Somatic experiencing: help for trauma and PTSD
Trauma can be understood as anything that has a lasting negative effect (conscious or unconscious) on a person’s mind, body, or spirit. It may begin as acute stress from a perceived life-threat, or as the end-product of cumulative stress. Any event that causes someone to feel overwhelmed can be traumatic to that person, regardless of how minor it may appear to others. Both types of stress can seriously impair a person’s ability to function with resilience and ease. Although stress is a part of life, chronic stress and minor/major trauma compromise our mental and physiological health. Left unresolved, trauma can prevent a person from responding appropriately to the world around them.

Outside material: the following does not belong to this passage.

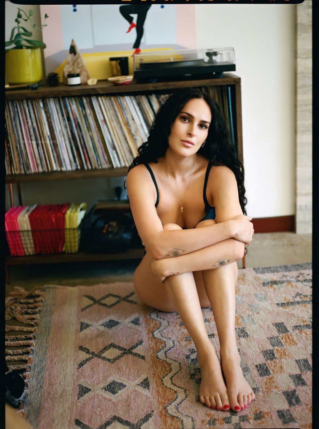 Atriz Rumer Willis está deslumbrante em lingerie amarela e preta em um ensaio fotográfico para a Revista CUUP #62 de 2021.

Dr. Peter A. Levine, a body psychotherapist with 40+ years of expertise in the field of stress and trauma, introduced Somatic Experiencing® (SE™). He teaches that trauma is not in the event that took place, but in how undischarged fight, flight, or freeze threat responses were activated during the event and then stored within the nervous system. Holding this powerful, unexpressed energy is what creates the variety of symptoms associated with trauma and PTSD.
Many approaches to treating trauma focus on helping clients change thinking patterns and/or accessing and expressing emotions. Trauma, however, impacts more than our thoughts and actions—it fragments us from ourselves. Because of this fragmentation, it is not possible to recover from trauma without involving the body, something that is often neglected in conventional trauma therapy. Somatic (body) therapies are considered bottom-up processing, while talk therapy is considered top-down processing. Both types of processing are required to integrate mind, body, and spirit, and to heal.

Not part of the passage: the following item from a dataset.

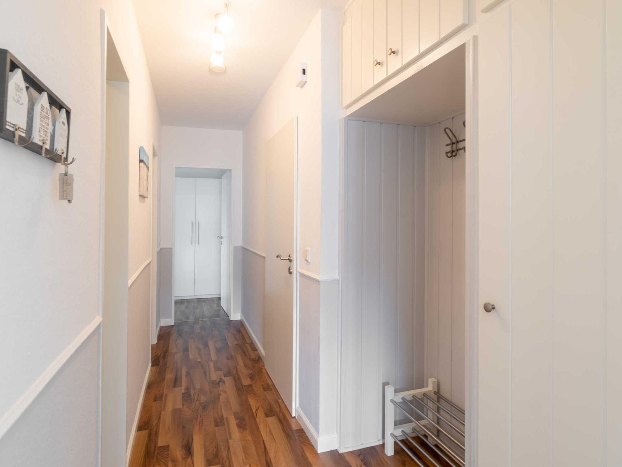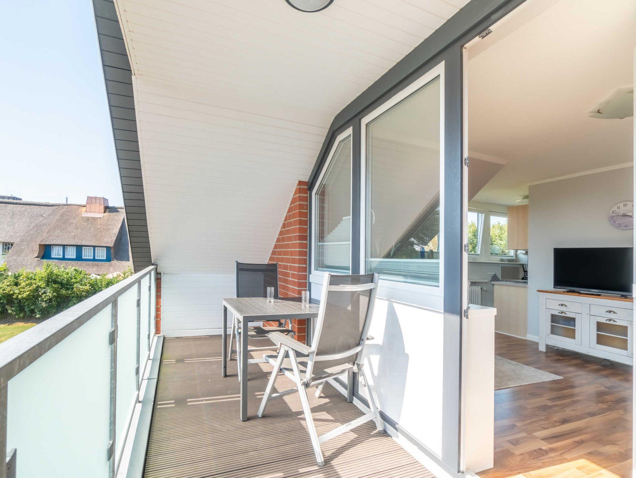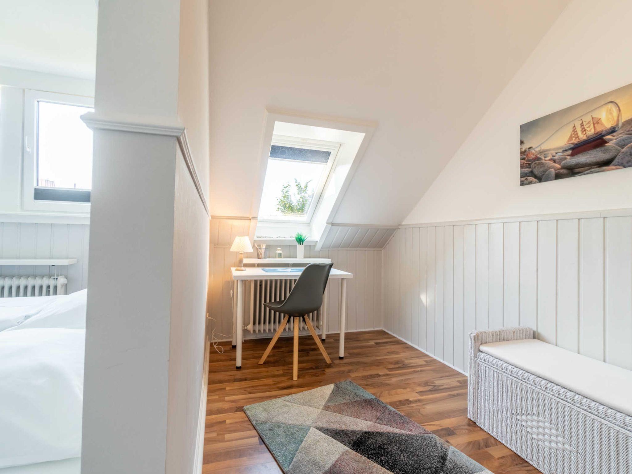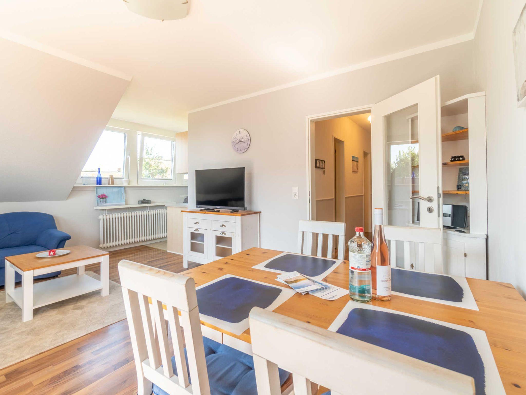 Die Wohnung liegt im Obergeschoss rechts und bietet Platz für bis zu 2 Personen mit Kleinkind. Sie hat einen Zugang zum Westbalkon.

SE helps heal the roots of trauma and integrate the mind and body’s reactive patterning. It is a gentle, non-invasive approach that works with the body’s natural self-regulation system. The SE practitioner helps the client become aware of stuck fight, flight, or freeze threat responses and supports completing these trapped responses. By working directly with the nervous system, the SE practitioner helps the client resolve the impacts of cumulative stress and trauma and restore resilience and well-being.
The effects of trauma can be deep and far-reaching—don’t give up hope. Somatic therapy can help!